Title: Jenford: A Short History of Upland, A Novel
Author: Hendrik E. Sadi
Publisher: iUniverse, Inc. (January 11, 2008)
Genre: Fiction / Historical Fiction
Perfect for : Personal reading, possible book club read
In a nutshell: A fascinating look into the harsh life faced by people following the Civil War. Read as a farm is started, a family raised, automobiles are introduced, and women's independence is growing. It is a story full of family, responsibility, and abandonment; only the strong choose to remain on the farm to face the day-to-day challenges. The story itself is well-developed, giving the reader a good feeling of what life was like for earlier generations. At times I struggled with the writing style, as the story is written by a man born in Norway, who lived in the Middle East and Far East prior to moving to the United States. Overall, a great book that really feels like a real family history!
From the Publisher (http://www.iuniverse.com/):
When the son of a nearby neighbor brings a plate of food to a local farmer during the Christmas holiday season in the late 70's, he is shocked to believe that the farmer might have wanted to end his life by freezing to death.While the farmer's son fires up the old woodstove in the room he is in and brings in wood, he asks about an old black and white photograph of a short, stout woman he has seen pinned on the wall. The farmer tells him the history of his family and the farming community that was established when his grandfather came back from the Civil War.
And he goes back home imagining how it might have been and remembers his own early teenage years on Mt.

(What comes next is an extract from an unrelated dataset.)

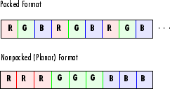 Комплект адаптера IAdaptorFrame класс определяет множество FRAMETYPE перечисления, которые охватывают множество возможных типов устройств данных изображения, могут возвращаться. Например, некоторые устройства могут возвращать цветные изображения в упакованном или неупакованном (плоском) формате. Эти форматы описывают расположение байтов красных, зеленых и синих данных в памяти. В упакованных форматах красные, зеленые и синие тройни группируются вместе. В неупакованных форматах все красные данные сохраняются вместе, за ними следуют все зеленые данные, за которыми следуют все синие данные. На следующем рисунке показано это различие.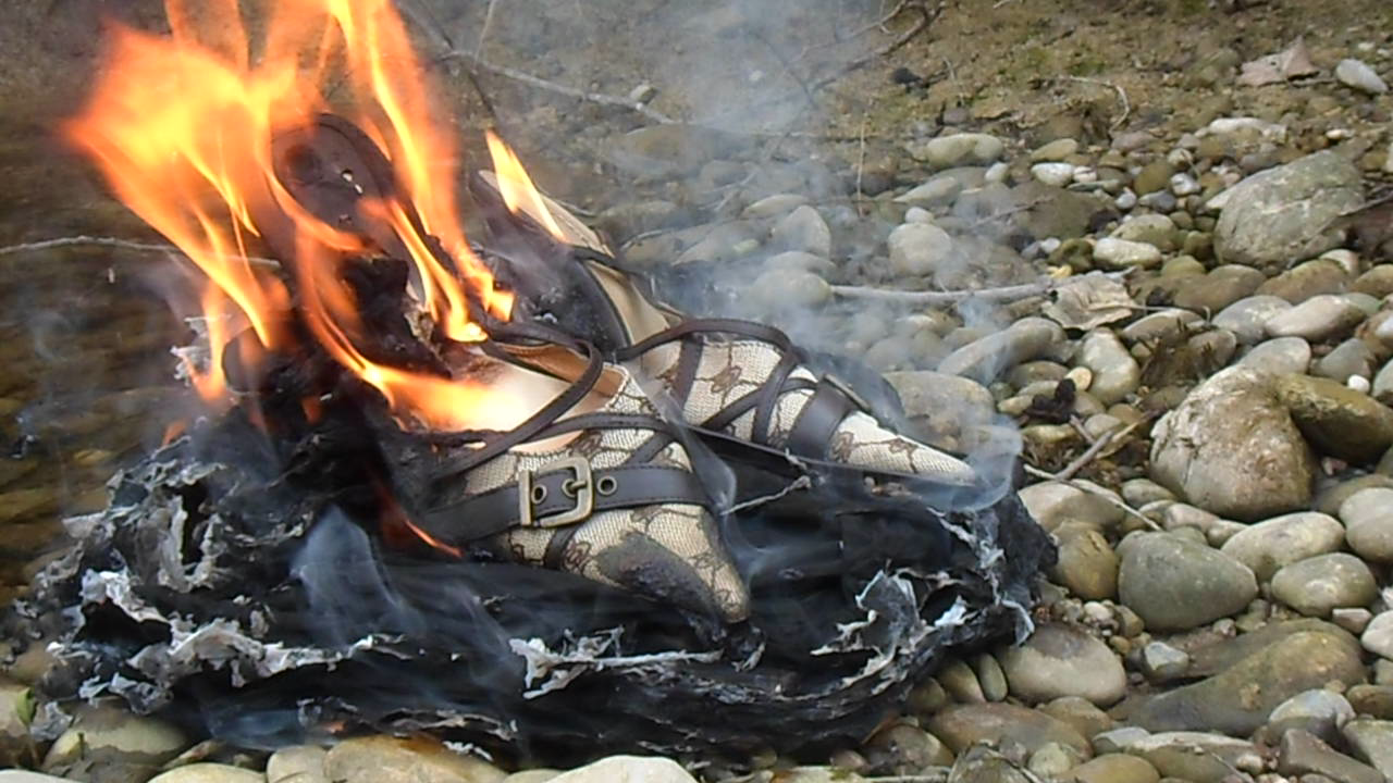 Besonders beeindruckend, leider auf den Bildern nicht wirklich gut zu erkennen, wie schön die Absätze brannten. Von Anfang bis zum Ende eine einzige Flamme, beim einen Schuh wurde er komplett zerfressen, beim anderen blieb noch ein Rest erhalten.

Lake in northwestern Connecticut as a way of life he and the farmer have lost.
The time was after both Kelsey Jenford and Terence Jenford had passed away, lying in their coffins in the funeral home, all dressed and combed so nicely that my mother had observed to me that she had never seen them so well dressed and clean. I couldn't help but see then those two short stature brothers, wearing bib overalls and work shirts they would button all the way up to their throat, walking their workhorse down the dirt road on Mt. Lake towards the hay mower standing in one of the fields needing to be cut.
This book provides a very interesting look into farming life after the Civil War, when people faced harsh times and changes including automobiles and women's independence.
Characters: The author has created a very diverse group of characters. While the focus seems to be on those who remain at the farm, there are characters who leave a lasting impression throughout the book.
Story-Line: We see progress being made, and leaving an impact on one particular family post-Civil War.
Readability: I enjoyed reading the book, although I had to re-read a few conversations to make sure I really knew who was speaking as the dialog was written a little differently than I am used to.
Overall: An interesting look into a small family and how they and their farm developed post-Civil War. Not being a huge historian myself, it at least gave me a better idea of life during that time, and some of the struggles and influences that people faced.
About the Author: (from the publisher's site)
Hendrik E. Sadi was born in Norway and lived in the Middle East and Far East for some of his pre and teenage years. Sadi was educated here and abroad and started writing late in his life.He is currently living in the USA.